The ACLU is looking into reports of abusive treatment of transgender women and gay men at an ICE detention center near Chaparral, New Mexico.

The American Civil Liberties Union (ACLU) authored a letter released on March 25 in which lawyers requested a consultation with the officers at Otero County Processing Center to address the verbal, physical and emotional abuse described by multiple LGBTQ asylum-seekers.

“The conditions we have documented over the past several weeks raise serious questions about Otero and ICE’s compliance with the Prison Rape Elimination Act (PREA), ICE Performance-Based National Detention Standards, and the U.S. Constitution,” wrote the lawyers from ACLU-NM, in conjunction with the Sante Fe Dreamers Project and Las Americas Immigrant Advocacy Center. “ICE’s practices at Otero have created an unsafe environment for transgender women and gay men who are detained there.”

Representatives from the three legal organizations met with individuals at Otero and documented reports of unsafe sleeping spaces and withheld medical care, as well as repeated use of solitary confinement, at times perceived as a source of retaliation for reporting abuse.

The 12 individuals reporting the abusive conditions are asylum-seekers in the United States, and some of them fled their homes due to persecution of their gender and sexual identities.

7310C93C 7A2C 45FC A971 9A1A2D1B2FB1ICE guidelines limit the use of solitary to situations when no other secure housing can be provided to persons at threat of being sexually assaulted or abused. But at Otero Processing Center and in detention centers nationwide, transgender women and gay men in ICE custody reported extensive time spent in solitary confinement.

“When I complained, I was thrown into solitary confinement for five days and threatened with further punishment if I complained again,” said W., a 20-year-old gay man who fled Honduras and rampant persecution. “Now that I am released from custody, I am free to speak up because I do not fear retaliation.”

In 2018, 37 members of Congress delivered a letter to ICE detailing similar allegations and reports from detained LGBTQ individuals throughout the nation. Many had their hormone treatments denied from them. 13 percent of the 300 transgender people detained in the 2017 fiscal year were kept in solitary confinement.
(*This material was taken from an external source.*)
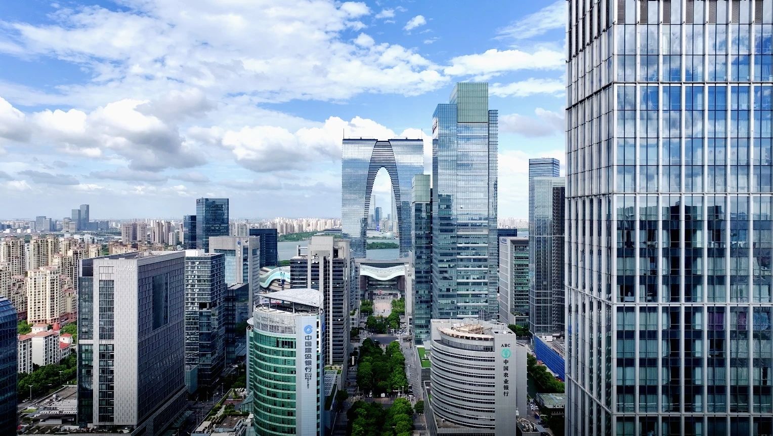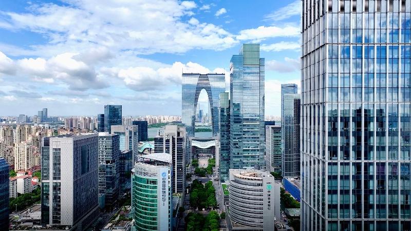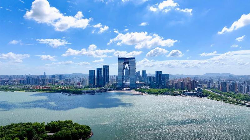 “蘇州之眼”摩天輪等地標建筑引得游人駐足流連,摩天大樓的玻璃幕墻化作天空之鏡倒映著藍天白云,錯落有致的現代建筑與自然風光和諧相融。這片“澄凈藍”,不僅是大自然饋贈的視覺盛宴,更是園區生態與發展相得益彰的生動寫照。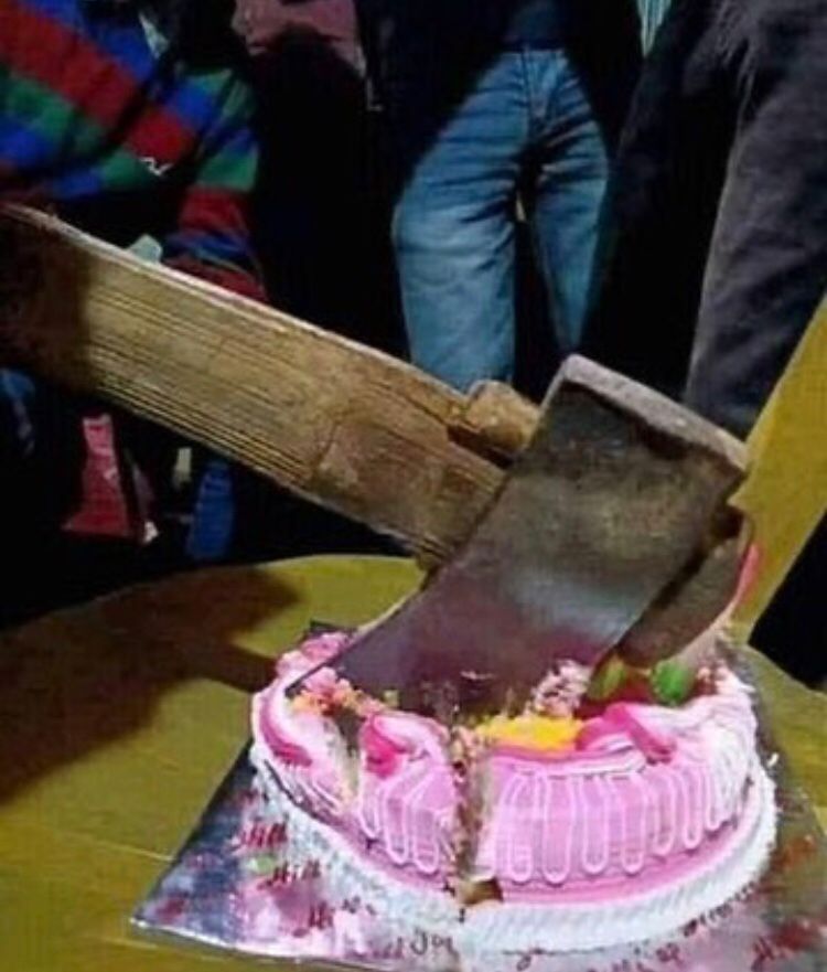 - Sekalian potong tuh mejannya

Otero is a 1,000-bed detention center, owned and operated by the Management and Training Corporation (MTC), one of the nation’s larger private prison companies.

ICE internal documentation indicates the facility receives anywhere from $91.03-$117.71 per day for any person detained by ICE, according to a 2018 report by the Detained Migrant Solidarity Committee.

MTC operates two other ICE detention centers: the Imperial Regional Detention Facility in Calexico, California, and the IAH Detention Center in Livingston, Texas.

ICE spokeswoman Leticia Zamarripa did not respond to the allegations, but said that all detention facilities follow national standards and agency mandates for medical care and safety, including that of LGBTQ detainees.